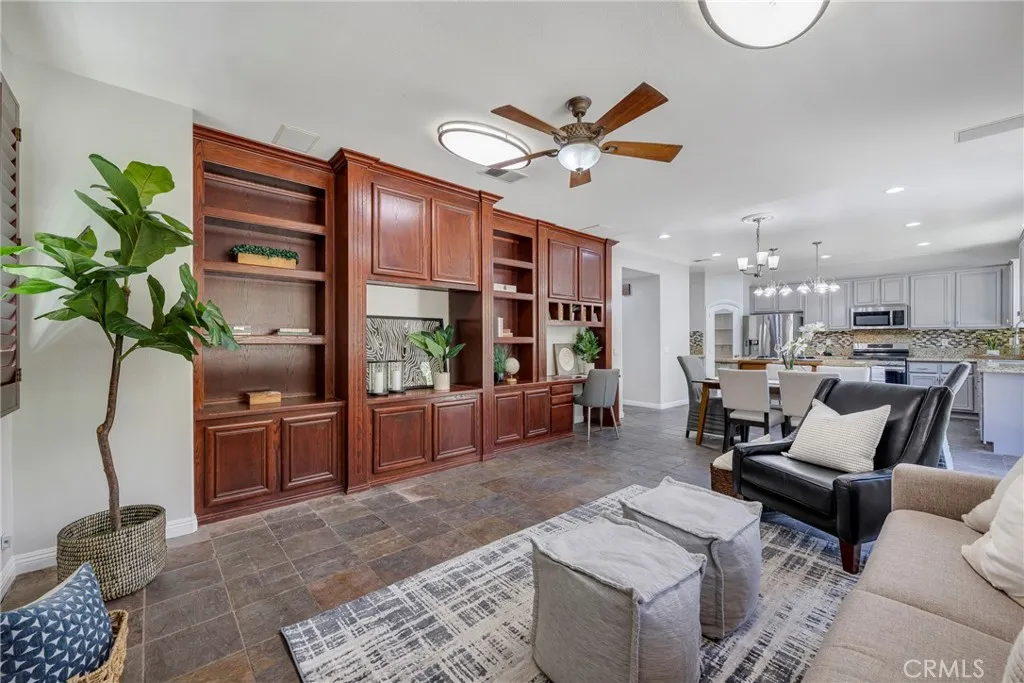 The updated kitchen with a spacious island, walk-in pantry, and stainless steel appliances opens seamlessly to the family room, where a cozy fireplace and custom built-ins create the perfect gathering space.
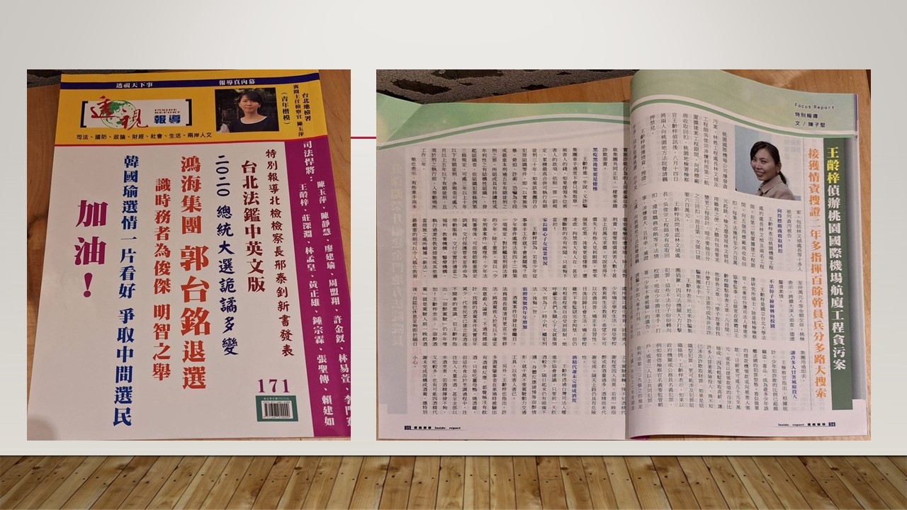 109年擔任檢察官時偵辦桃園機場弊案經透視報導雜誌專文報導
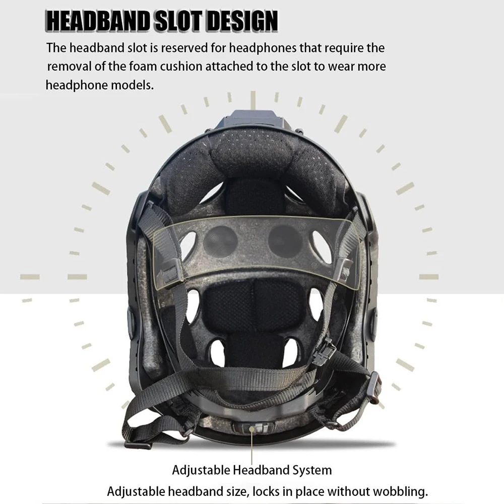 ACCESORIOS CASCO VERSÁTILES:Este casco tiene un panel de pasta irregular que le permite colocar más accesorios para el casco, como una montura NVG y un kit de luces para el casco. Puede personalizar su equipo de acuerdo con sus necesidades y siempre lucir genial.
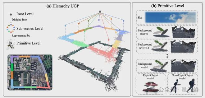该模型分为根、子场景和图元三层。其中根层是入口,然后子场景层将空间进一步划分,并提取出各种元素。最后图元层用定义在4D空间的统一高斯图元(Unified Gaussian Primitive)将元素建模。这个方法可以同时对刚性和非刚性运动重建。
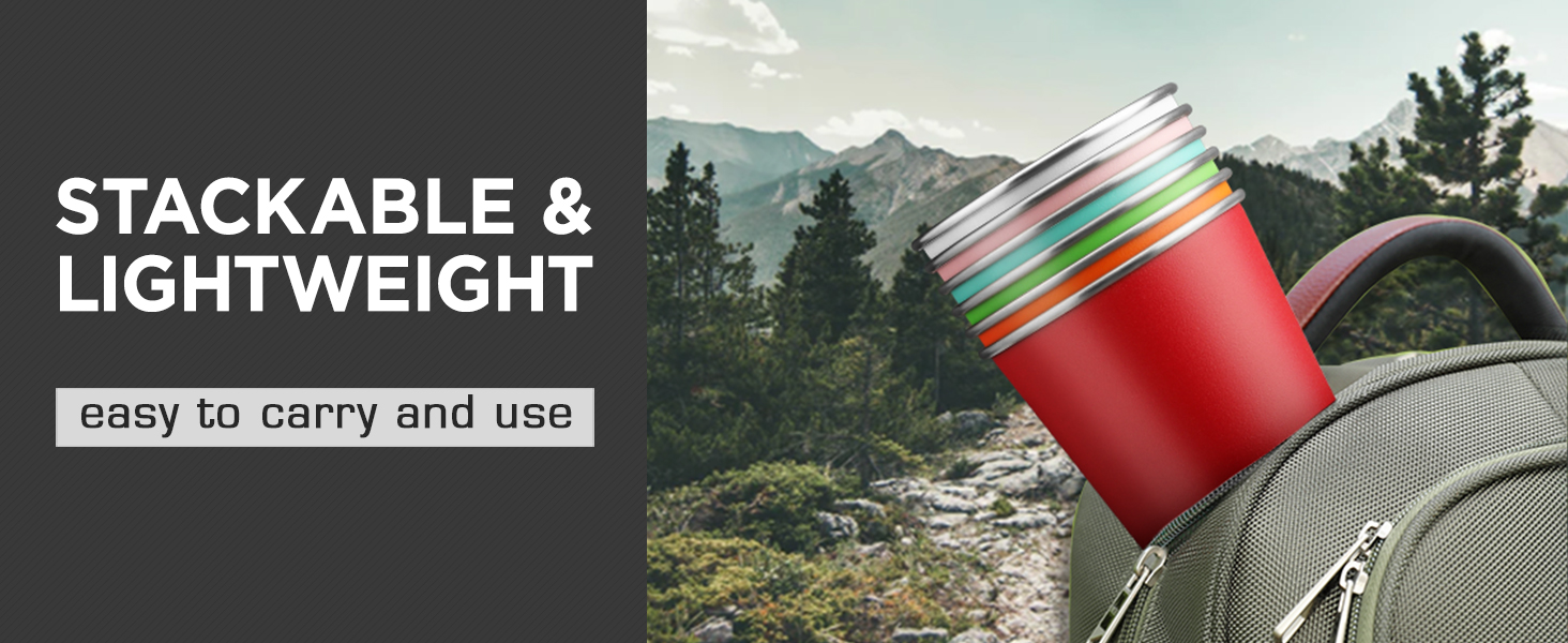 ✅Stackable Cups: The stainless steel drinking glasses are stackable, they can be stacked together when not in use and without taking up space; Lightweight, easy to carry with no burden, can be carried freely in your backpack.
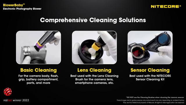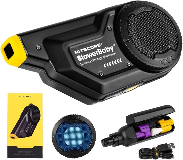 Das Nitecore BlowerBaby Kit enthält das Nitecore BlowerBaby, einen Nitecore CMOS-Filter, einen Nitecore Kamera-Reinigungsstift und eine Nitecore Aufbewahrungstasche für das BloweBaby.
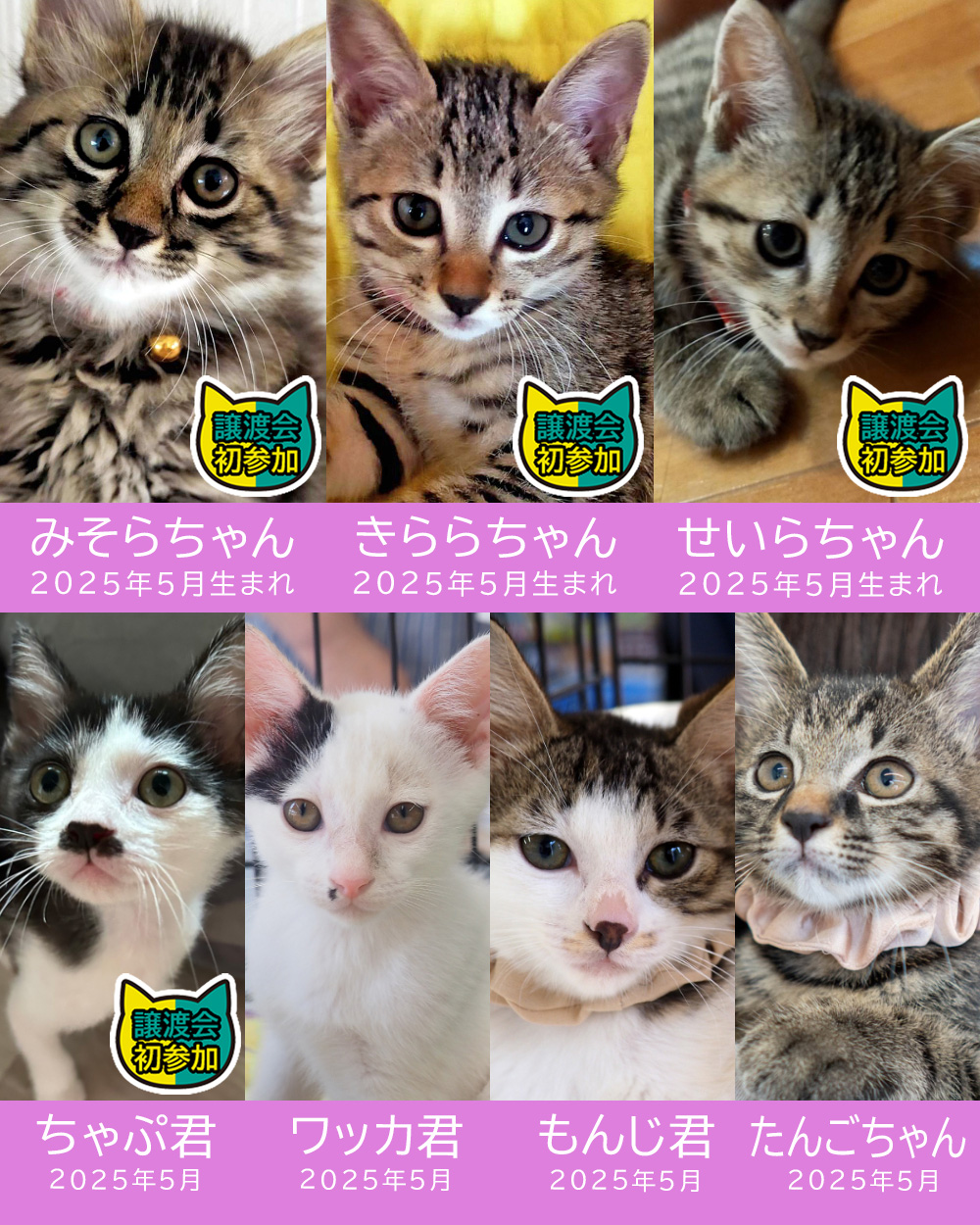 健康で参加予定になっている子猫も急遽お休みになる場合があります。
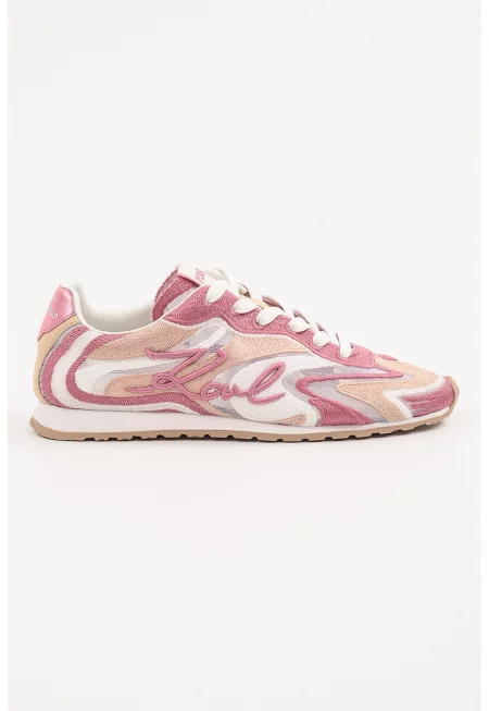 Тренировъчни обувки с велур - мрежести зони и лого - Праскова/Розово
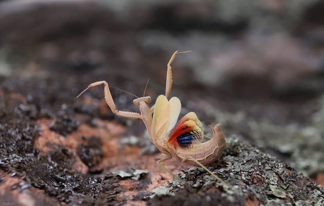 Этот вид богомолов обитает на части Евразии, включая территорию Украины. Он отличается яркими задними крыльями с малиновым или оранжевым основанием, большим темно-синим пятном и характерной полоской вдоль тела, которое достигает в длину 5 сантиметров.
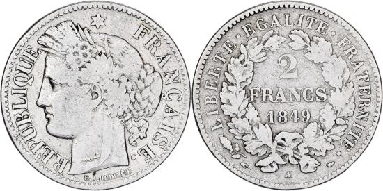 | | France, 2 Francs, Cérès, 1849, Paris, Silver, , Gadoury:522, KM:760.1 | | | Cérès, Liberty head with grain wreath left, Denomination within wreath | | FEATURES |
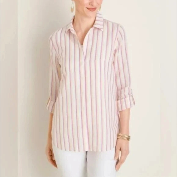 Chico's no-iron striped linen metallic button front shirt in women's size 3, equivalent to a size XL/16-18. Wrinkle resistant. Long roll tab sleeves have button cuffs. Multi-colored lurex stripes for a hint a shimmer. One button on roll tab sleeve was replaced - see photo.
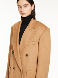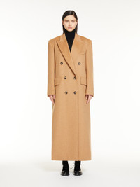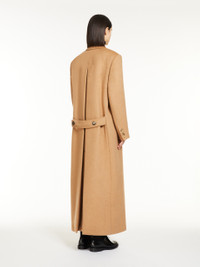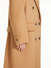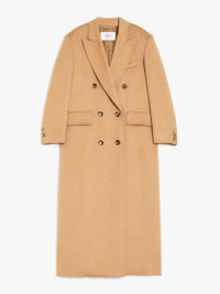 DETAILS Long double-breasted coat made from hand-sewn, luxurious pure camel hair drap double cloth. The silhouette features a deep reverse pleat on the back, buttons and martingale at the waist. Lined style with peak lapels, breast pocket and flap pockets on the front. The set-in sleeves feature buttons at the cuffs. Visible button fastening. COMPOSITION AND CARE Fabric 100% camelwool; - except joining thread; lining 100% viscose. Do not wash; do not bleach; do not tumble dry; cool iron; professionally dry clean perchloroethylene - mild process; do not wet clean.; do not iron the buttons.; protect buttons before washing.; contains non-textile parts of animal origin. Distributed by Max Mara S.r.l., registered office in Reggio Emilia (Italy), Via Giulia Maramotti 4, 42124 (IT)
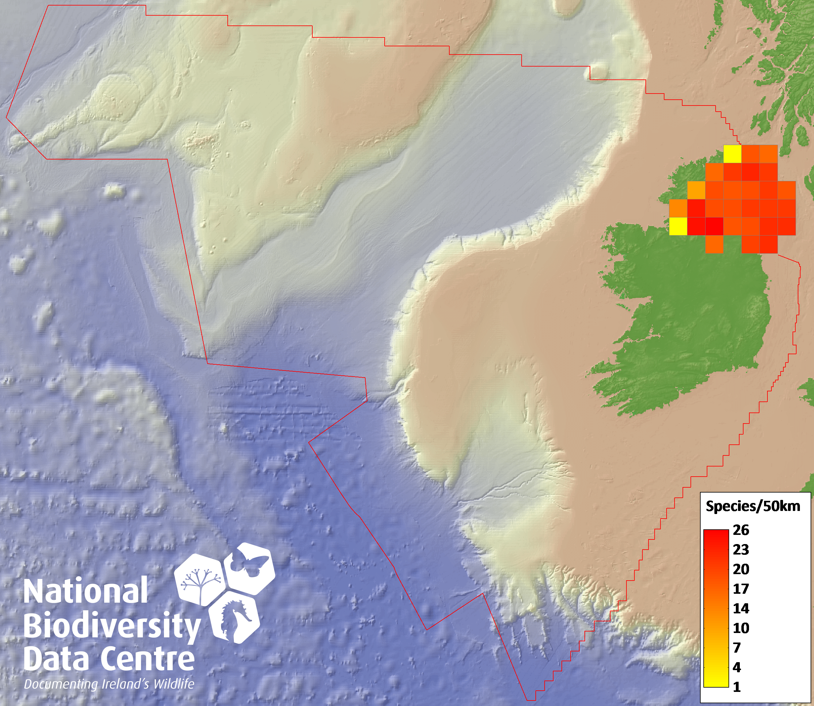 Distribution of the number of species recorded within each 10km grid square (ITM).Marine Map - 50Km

======

Reproduce, word for word, every line from the start of the records down to and including the line with "Тренировъчни обувки с"; skip the pictures.

 The updated kitchen with a spacious island, walk-in pantry, and stainless steel appliances opens seamlessly to the family room, where a cozy fireplace and custom built-ins create the perfect gathering space.
 109年擔任檢察官時偵辦桃園機場弊案經透視報導雜誌專文報導
 ACCESORIOS CASCO VERSÁTILES:Este casco tiene un panel de pasta irregular que le permite colocar más accesorios para el casco, como una montura NVG y un kit de luces para el casco. Puede personalizar su equipo de acuerdo con sus necesidades y siempre lucir genial.
该模型分为根、子场景和图元三层。其中根层是入口,然后子场景层将空间进一步划分,并提取出各种元素。最后图元层用定义在4D空间的统一高斯图元(Unified Gaussian Primitive)将元素建模。这个方法可以同时对刚性和非刚性运动重建。
 ✅Stackable Cups: The stainless steel drinking glasses are stackable, they can be stacked together when not in use and without taking up space; Lightweight, easy to carry with no burden, can be carried freely in your backpack.
 Das Nitecore BlowerBaby Kit enthält das Nitecore BlowerBaby, einen Nitecore CMOS-Filter, einen Nitecore Kamera-Reinigungsstift und eine Nitecore Aufbewahrungstasche für das BloweBaby.
 健康で参加予定になっている子猫も急遽お休みになる場合があります。
 Тренировъчни обувки с велур - мрежести зони и лого - Праскова/Розово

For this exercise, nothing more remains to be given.